While Democratic senators have been most outspoken in their opposition to Republican Gov. Mike Dunleavy’s proposed budget cuts, it’s the Republicans who control the Senate majority. Several Republican senators on the Finance Committee have expressed concerns. That committee has spent the most time on the budget since Dunleavy introduced it last month.
Key senators are weighing how they’re going to approach the budget. That could have a big impact on everything from what services the state offers to the size of permanent fund dividends.
For the past three weeks, the Senate Finance Committee has been reviewing Dunleavy’s budget.
Republican Sen. Click Bishop is on the committee. He lives a block from the University of Alaska Fairbanks and opposes the size of the cut Dunleavy has proposed for state university funding, equaling $134 million.
“It is a non-starter for me,” Bishop said. “I think we all need to take a step back and look at this problem and let data drive the discussion. And I just don’t think there was a lot of thought put into this cut.”
Bishop said the state should make major changes that will reduce spending. But he said Dunleavy’s budget has caused such a negative public reaction that it’s been difficult to concentrate on meaningful cuts. For that to happen, Bishop wants more research on the effect of possible cuts.

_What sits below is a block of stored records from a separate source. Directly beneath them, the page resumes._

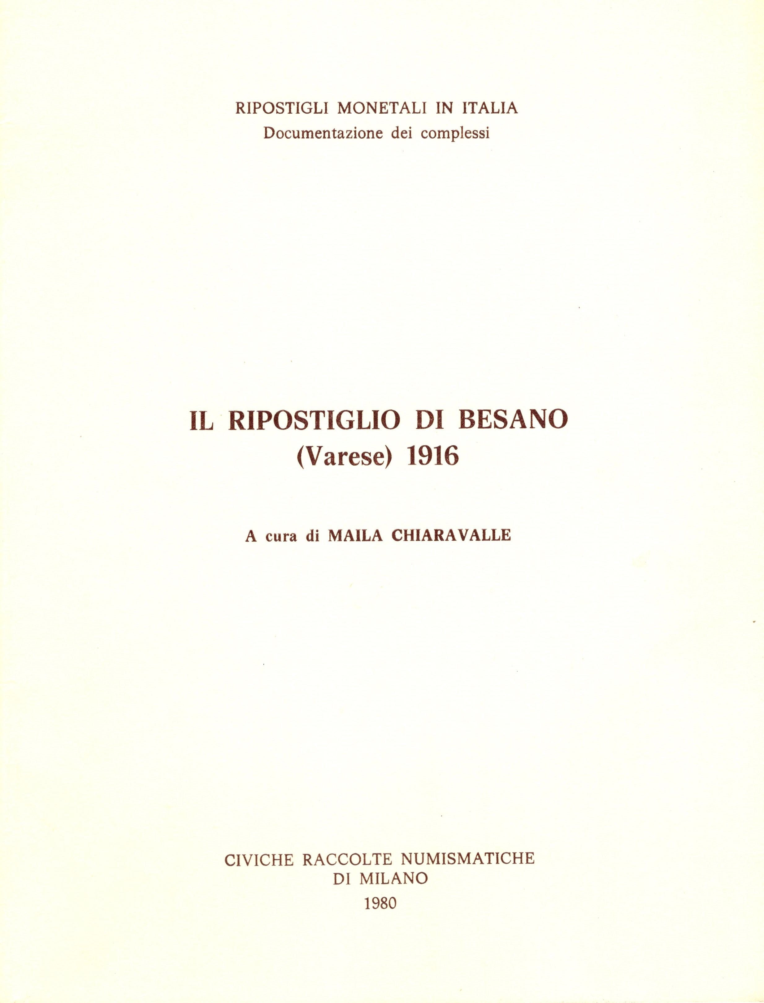 CHIARAVALLE M. - Il ripostiglio di Besano ( Varese) 1916. Milano, 1980. Pp. 17, tavv. 2. Monete romane imperiali. Rilegatura editoriale buono stato.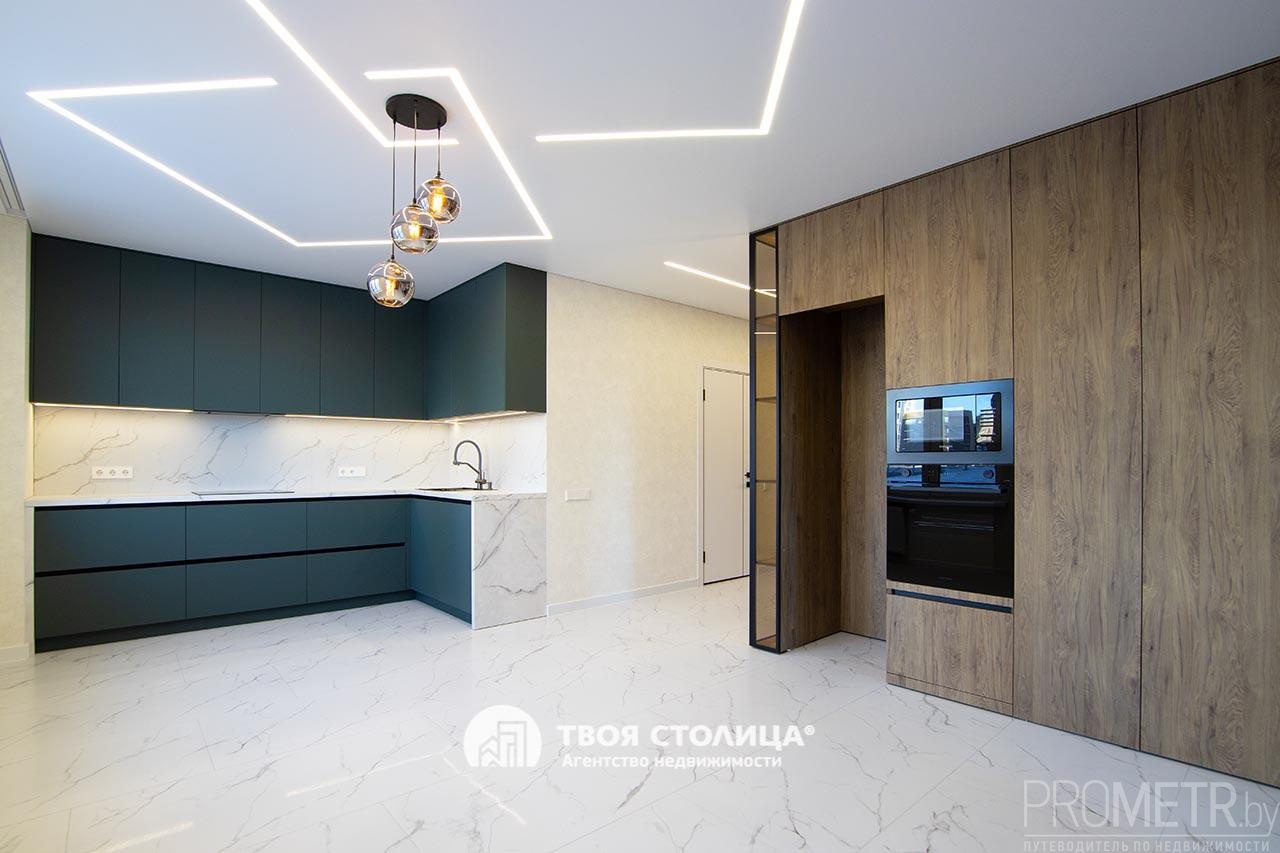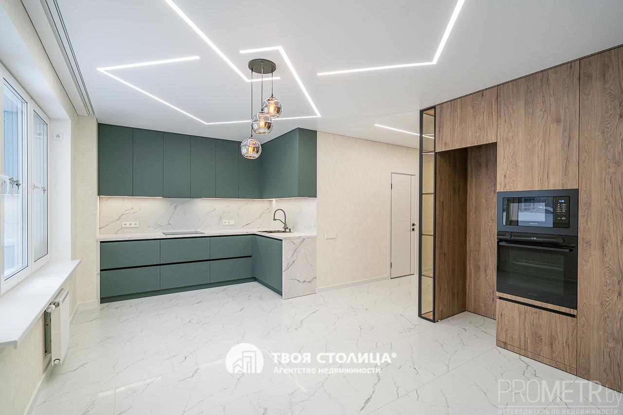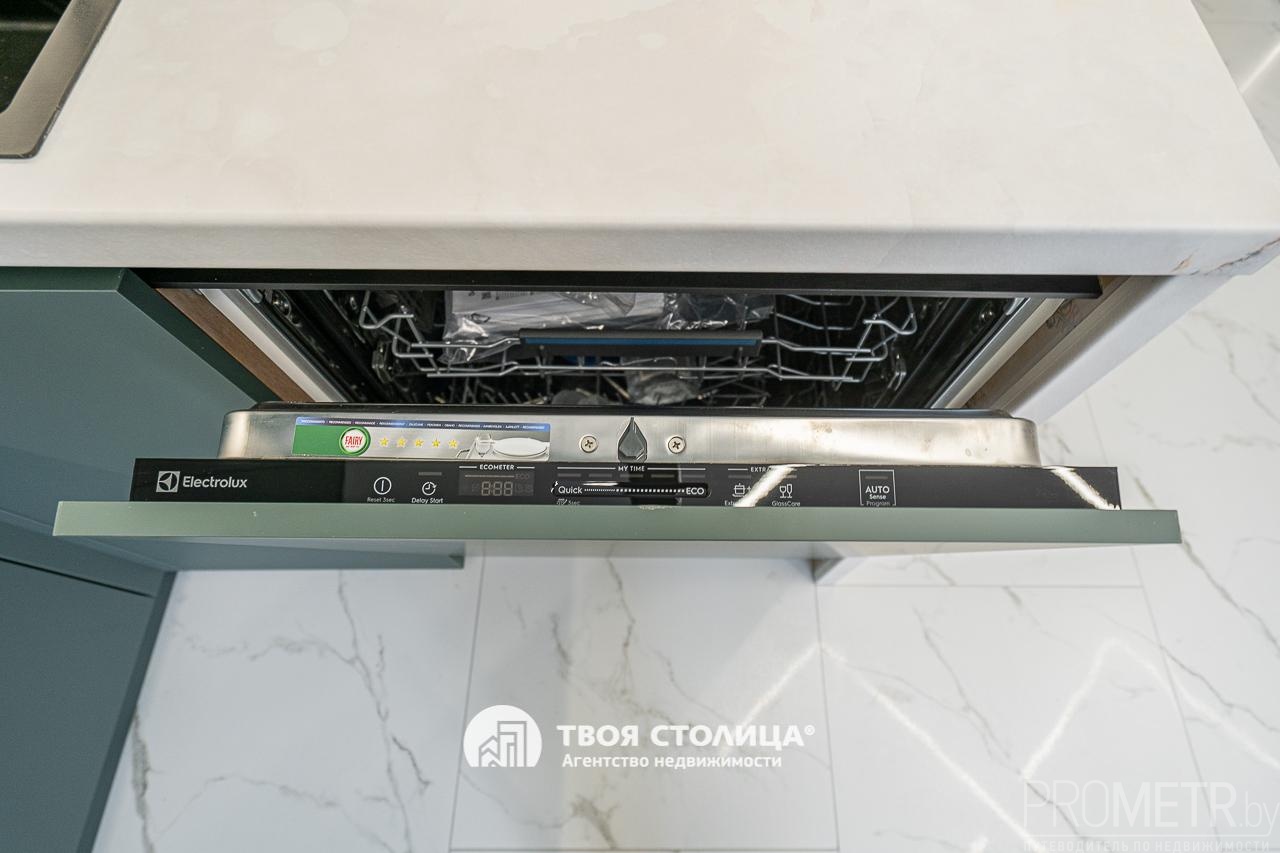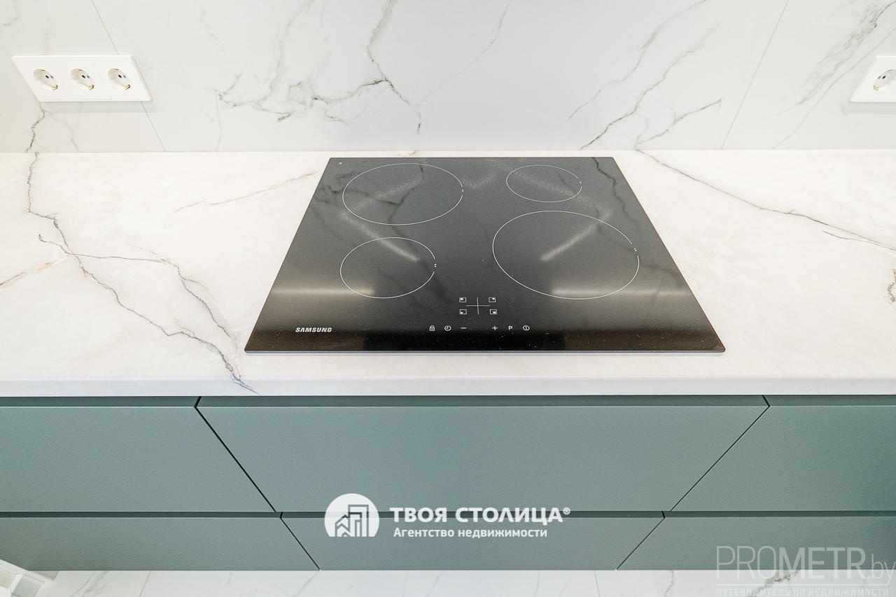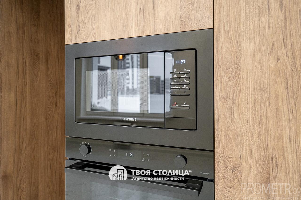 Встроенная кухня укомплектована современными и высококачественными бытовыми приборами, включая индукционную варочную плиту, вытяжку, посудомоечную машину, духовой шкаф, микроволновую печь - все это импортного производства. Микроклимат регулируется с помощью кондиционера.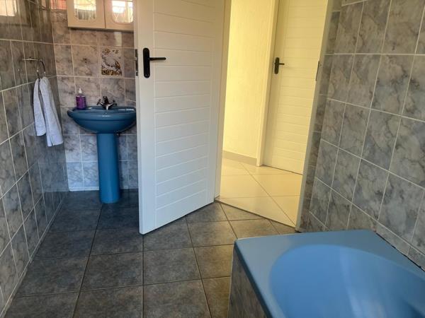 The property offers three well-sized bedrooms with built-in cupboards. Two childrens bedrooms share a neat family bathroom, while the main bedroom includes a private en-suite. An additional room can serve as a study or a fourth bedroom, depending on your needs.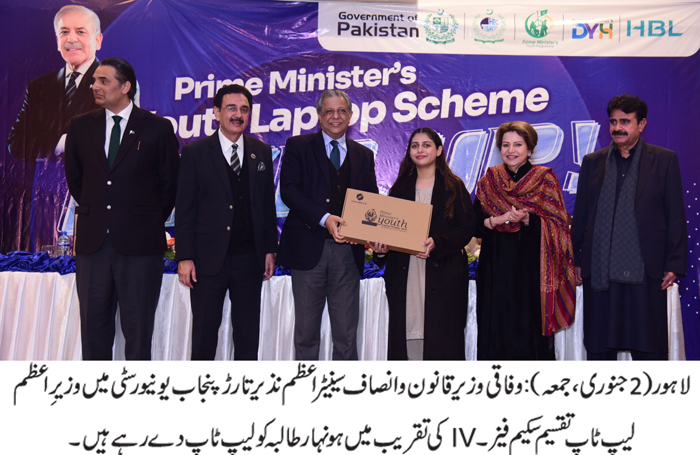 Lahore: (Friday, January 2): Federal Minister for Law and Justice, Senator Azam Nazeer Tarar, said that the youth, including male and female students, are Pakistan’s greatest and most valuable asset. He urged them to set aside hatred on social media and focus on thinking positively about Pakistan. He was addressing a ceremony of the Prime Minister’s Laptop Distribution Scheme Phase-IV at Punjab University here on Friday. On this occasion, PU VC Prof Dr Muhammad Ali, PM’s Special Assistant Talha Barki, Minister for Public Affairs Rana Mubashir Iqbal, MNA Shaista Parvez Malik, Registrar Dr Ahmed Islam, President Academic Staff Association Prof Dr Amjad Abbas Khan Magsi, representatives of the HEC, faculty members, and students were present. In his address, Azam Nazeer Tarar said that greater investment is needed to promote skill-based and need-oriented education. He said that even in the modern era there are many children who lack resources, but the government is striving to ensure that no talented student is deprived of these gadgets. He added that the scheme initiated by Prime Minister Muhammad Shehbaz Sharif during his tenure as Chief Minister has now expanded across the entire country. He said that the scheme faced significant political point-scoring and criticism, but during the COVID period many students benefited by making proper use of laptops. He emphasized that a society cannot progress without respecting teachers, adding that whatever position he has achieved today is due to PU. He said that for the country’s development and prosperity, everyone must play their role with hard work, dedication, and honesty. Vice Chancellor Prof Dr Muhammad Ali said that Prime Minister Muhammad Shahbaz Sharif launched the scheme in line with the needs of the time, and it has yielded positive results, with the constructive use of laptops transforming students’ lives. He said that women’s advancement in every field is vital for Pakistan’s development and prosperity. He added that 80 percent of individuals in the top judiciary, including Azam Nazeer Tarar, are alumni of Punjab University. He further stated that 70 percent of Lahore’s IT market is served by graduates of the Punjab University College of Information Technology. He said that the university is taking steps to familiarize its students with modern technology and that providing a peaceful environment to students is a top priority. On behalf of the Punjab University community, he thanked Prime Minister Muhammad Shahbaz Sharif. Under this scheme, 3,140 talented students of Punjab University will receive laptops.

Bishop still hopes lawmakers and the governor can reach agreement.
“I don’t think really at the end of the day anybody wants to get down to where it’s a bare-knuckles, in-the-mud barroom fight over this budget,” he said.
Soldotna Republican Sen. Peter Micciche said the size of Dunleavy’s proposals has started an important conversation. And he said it requires those opposed to the cuts to come up with alternatives.
But Micciche said he wants to hear from the people who will have to implement the cuts mapped out by the governor’s Office of Management and Budget.
“My impression is that OMB found some big numbers and plugged them into a budget, and now we’re hoping that the commissioners can come forward and discuss attainable reductions while still delivering the services required by the little blue book — the Constitution — to deliver,” he said. “And what we’re seeing is a clear disconnect between those that are required to deliver the services and those that produce the budget.”
Micciche said it’s going to take compromise, both on the part of the 60 legislators and the governor.
“What that means is we have to work together,” he said. “And that means that it doesn’t get to be exactly the way I want it to be. And I’m not going to quit, and I’m not going to go home and take my toys with me when it doesn’t work out. Politics is the art of what’s possible.”
Helping to steer the budget to a resolution will be Sitka Sen. Bert Stedman. He’s back as Finance co-chairman after a six-year break. And he’s facing a possible reduction that cuts at the heart of his coastal district: the end of funding for the Alaska Marine Highway System on Oct. 1.
“I thought we have a substantial reduction but not a potential termination,” he said. “So that was a surprise. But the overall direction was not. The magnitude? A little bit more than I anticipated.”
Stedman said he’s hoping for a compromise that will include funding to keep the ferries running.
He said the budget process isn’t about reaching a spending level without regard to the needs of Alaskans. He expects that throughout the budget process, the House and Senate will communicate with the governor. He said Dunleavy proposed a budget that will stop spending state savings.
“I agree with the premise, and I want to work with them to make sure that we fix the fiscal situation and protect the permanent fund and keep the marine highway running at the same time,” he said. “So it’s going to be quite the juggling act.”
Stedman said this year will be the first step in a two- or three-year reduction to the budget.
“We need to fix our problem,” he said. “The generation today needs to fix today’s generation’s budget problems and not pass it onto the future.”
The House is aiming to pass its version of the budget over to the Senate by early April. It’s not clear if the upper chamber will be done with its budget work by the scheduled end of the session on April 14. Under the state constitution, the regular session can last as long as May 15.